In that simple version of the oscillator, both transistors are so heavily saturated at the start of the condition time that the duration of the conduction period is actually mostly determined by the charge storage time in both transistors, as you can see from this graph:
The green trace shows Q1B using the scale markings on the left. When conduction starts, it spikes at around +3V, but it rapidly trails off. The cyan trace shows Q1's base current, using the scale on the right, and as you can see, it falls to zero very quickly as well. The red trace, using the scale on the right, shows the Q1 collector current (and Q2 base current; they're the same). You can see that it doesn't start to fall until some time after Q1's base current has dropped to around zero.
This is caused by charge storage in Q1, and a similar effect can be seen due to charge storage in Q2 because the Q1B voltage (which is coupled to Q2C) doesn't start to fall immediately either. (Don't ask me to explain charge storage; I don't understand semiconductor physics.)
It's easier to understand the circuit when saturation in the transistors is reduced.

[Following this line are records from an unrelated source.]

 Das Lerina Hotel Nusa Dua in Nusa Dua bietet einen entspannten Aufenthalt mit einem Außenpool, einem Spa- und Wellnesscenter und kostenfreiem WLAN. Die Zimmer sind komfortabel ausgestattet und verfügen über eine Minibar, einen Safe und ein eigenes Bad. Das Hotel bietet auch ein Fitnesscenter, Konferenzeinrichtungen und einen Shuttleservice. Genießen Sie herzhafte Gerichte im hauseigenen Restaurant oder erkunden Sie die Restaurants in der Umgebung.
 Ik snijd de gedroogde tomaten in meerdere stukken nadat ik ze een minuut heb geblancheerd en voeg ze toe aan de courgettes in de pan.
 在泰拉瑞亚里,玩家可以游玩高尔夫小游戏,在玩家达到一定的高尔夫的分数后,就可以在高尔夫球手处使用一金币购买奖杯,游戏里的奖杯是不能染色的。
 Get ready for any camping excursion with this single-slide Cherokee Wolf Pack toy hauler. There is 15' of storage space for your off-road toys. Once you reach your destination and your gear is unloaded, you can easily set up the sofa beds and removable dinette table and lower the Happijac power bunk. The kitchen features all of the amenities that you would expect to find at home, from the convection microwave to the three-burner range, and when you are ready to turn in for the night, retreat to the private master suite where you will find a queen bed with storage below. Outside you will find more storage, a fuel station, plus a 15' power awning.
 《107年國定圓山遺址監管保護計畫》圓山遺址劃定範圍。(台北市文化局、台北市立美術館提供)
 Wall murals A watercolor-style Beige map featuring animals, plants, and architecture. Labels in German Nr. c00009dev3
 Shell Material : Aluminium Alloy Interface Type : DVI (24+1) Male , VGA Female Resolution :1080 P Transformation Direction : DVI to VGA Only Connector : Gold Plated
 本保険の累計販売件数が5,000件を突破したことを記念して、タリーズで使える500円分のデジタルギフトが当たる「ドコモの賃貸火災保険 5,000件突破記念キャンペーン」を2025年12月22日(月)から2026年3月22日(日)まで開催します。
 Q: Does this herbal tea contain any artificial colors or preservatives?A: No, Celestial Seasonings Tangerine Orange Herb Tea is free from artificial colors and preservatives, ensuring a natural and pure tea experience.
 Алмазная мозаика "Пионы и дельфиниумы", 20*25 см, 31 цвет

To do this, I added a 10 kΩ resistor, RD, in series with CT, to limit the Q1 base current and Q1 saturation, and a 300Ω resistor, R1, to limit Q2's saturation. I had to increase RT to 1 MΩ and reduce CT to 330 pF to make the circuit oscillate at roughly the same frequency as before.
Here's the Q1B waveform:
... and here's a close-up of the active period, showing the Q1B voltage, Q1 base current, and Q1 collector current:
The red trace, Q1's collector current, starts to take off as Q1 begins to conduct (due to rising base voltage as CT charges through RT). This immediately causes conduction in Q2, and Q2C rises, coupling the increase back to Q1B and causing the bump in the cyan trace.
But now, Q1's base current (cyan trace) is limited by RD, and it peaks at only about 250 µA. This still saturates Q1 and its collector current (red trace) rises rapidly to about 6.5 mA.
As Q1's base current tapers off, Q1 falls out of saturation and its collector current (red trace) drops. A short time after it reaches zero, Q2 begins to turn OFF too, as evidenced by the rapid drop in the Q1B voltage (caused by the rapid fall in Q2C, coupled through CT).
With CT now charged with the Q1B side negative relative to the Q2C side, and Q2C pulled down to 0V by RL, Q1B is now negative and CT must charge in the other direction, through RT, before another conduction event will occur.
(also, the spike of Q1B voltage coincides with the start of LED flash right? just to confirm.)
Right.
i think i get the concept of astable multivibrator since that one has no steady state. but this 2Q relaxation oscillator has a possible steady state. am i right?
Yes, but it won't reach the steady state during normal operation. It will enter the stable state if CT is removed. That second circuit, with CT removed, stabilises at the following point:
Q1B voltage = 646 mV
Q1C and Q2B current = 714 µA
Q2C current = 112.9 mA
Q2C voltage = 1.13V